In the U.S. finance and insurance sector, we estimate that in 2008, 34% of the workers are not covered by unemployment insurance. And that’s the average, spread out over the sector. For comparison, in 2008, 4.43% of Manufacturing workers and 36% of Construction workers were not covered under unemployment insurance. (FYI: The bulk of non-covered workers in Construction are in residential construction and specialty trades).
Sub-sectors like Central Banks, Commercial Banks, Savings Institutions all had low, single-digit percentages of non-covered workers. However, when we get into sub-sectors like Securities, Commodity contracts and Investments, the majority of workers in the field (66%) are not covered by unemployment insurance.
The further we push into more esoteric forms of finance, the higher the percentage of non-covered workers: Miscellaneous Intermediation (84%); Portfolio Managment (80%); Trust, Fiduciary, and Custody activities (81%), and so on. We’ve included the full breakout in .xls here.
So our theory runs like this — in the finance and insurance industry, there was likely a widespread use of the 1099 status, evidenced by the high rate of non-covered employees in the sector nationally. When the financial crisis hit, independent contractors were “laid off” from companies, but because they weren’t employees of the firms, they would not show up as a decline in the Quarterly Census of Employment and Wages.
As an independent contractor, they would have no unemployment insurance withdrawn from their paycheck. They would be responsible for putting money towards that themselves. In that position, they would have a huge incentive to enter into any kind of employment quickly, even if it meant a serious decrease from their last paycheck.

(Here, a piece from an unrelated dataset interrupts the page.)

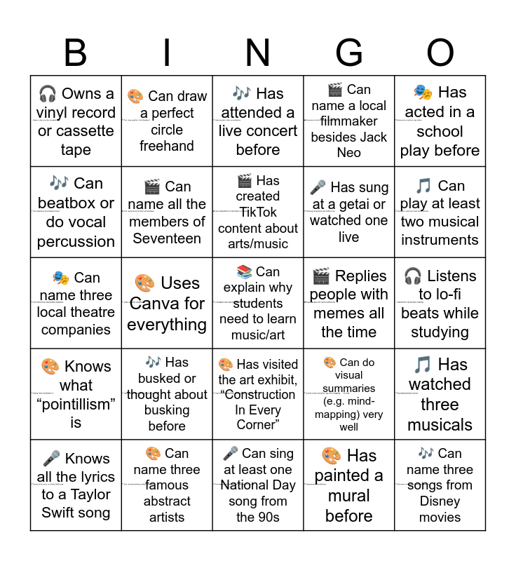 This bingo card has 24 images, a free space and 24 words: 🎶 Has busked or thought about busking before, 🎨 Can name three famous abstract artists, 🎬 Has created TikTok content about arts/music, 🎤 Knows all the lyrics to a Taylor Swift song, 🎭 Has acted in a school play before, 🎧 Owns a vinyl record or cassette tape, 🎶 Can beatbox or do vocal percussion, 🎨 Can draw a perfect circle freehand, 🎬 Replies people with memes all the time, 🎨 Has visited the art exhibit, “Construction In Every Corner”, 🎤 Has sung at a getai or watched one live, 🎭 Can name three local theatre companies, 🎨 Can do visual summaries (e.g. mind-mapping) very well, 🎵 Has watched three musicals, 🎬 Can name all the members of Seventeen, 🎨 Has painted a mural before, 🎧 Listens to lo-fi beats while studying, 🎶 Has attended a live concert before, 🎵 Can play at least two musical instruments, 🎨 Uses Canva for everything, 🎶 Can name three songs from Disney movies, 🎨 Knows what “pointillism” is, 🎬 Can name a local filmmaker besides Jack Neo and 🎤 Can sing at least one National Day song from the 90s.

Further, their status (as a “fired” Independent Contractor) would not even show as a decline in even the non-covered data sources unless they (a) made so little money that they didn’t need to file a 1099, or (b) they got hired as a regular employee, and didn’t file at the end of the year as a 1099. And if the latter, they would show up as a gain in employment in the QCEW data, and then there would be a lag time before they disappeared from the non-covered data.